De Armeense genocide

 /  Nederland  /  Nederlandse pers  /  1878–1893  /  Groot-Brittannië

Algemeen Handelsblad, 29 september 1883
Bron: Delpher

Groot-Brittannië

Naar het schijnt gaat Engeland een zeer krachtige houding tegenover de Porte aannemen. De uitvluchten, waarvan deze zich bedient, om de hervormingen in Armenië en de oplossing der vraagstukken betreffende het Britsch-Turksche handelstractaat uit te stellen, doen het Kabinet van St. James het geduld verliezen.

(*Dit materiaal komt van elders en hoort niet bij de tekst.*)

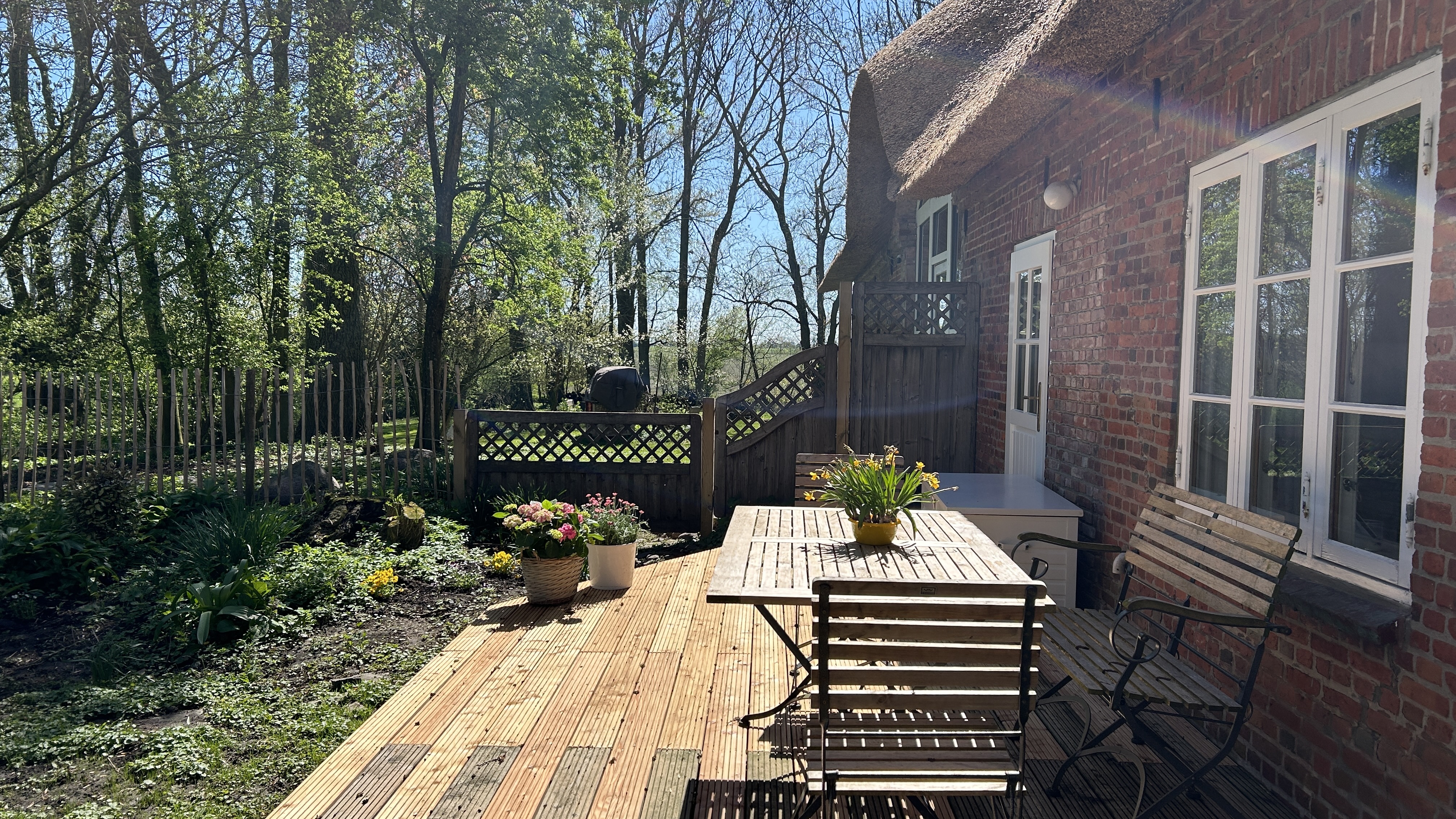 Von der Küche aus kommt man direkt über eine Terrassentür auf die Terrasse und den eingezäunten Gartenbereich, der nur Ihnen zur Verfügung steht – inkl. Weber-Grill.

Lord Dufferin keert op last zijner regeering naar Konstantinopel terug en het Engelsche eskader, thans te Saloniki geankerd, heeft bevel gekregen dichter bij Konstantinopel te verschijnen, om door zijne tegenwoordigheid aan de eischen van den gezant klem bij te zetten. Hierdoor is de ongerustheid niet weinig toegenomen, welke in de Ottomanische hofkringen reeds was veroorzaakt door Gladstone's reis naar Kopenhagen, welke te Konstantinopel wordt beschouwd als het kenteeken eener toenadering tusschen Engeland en Rusland.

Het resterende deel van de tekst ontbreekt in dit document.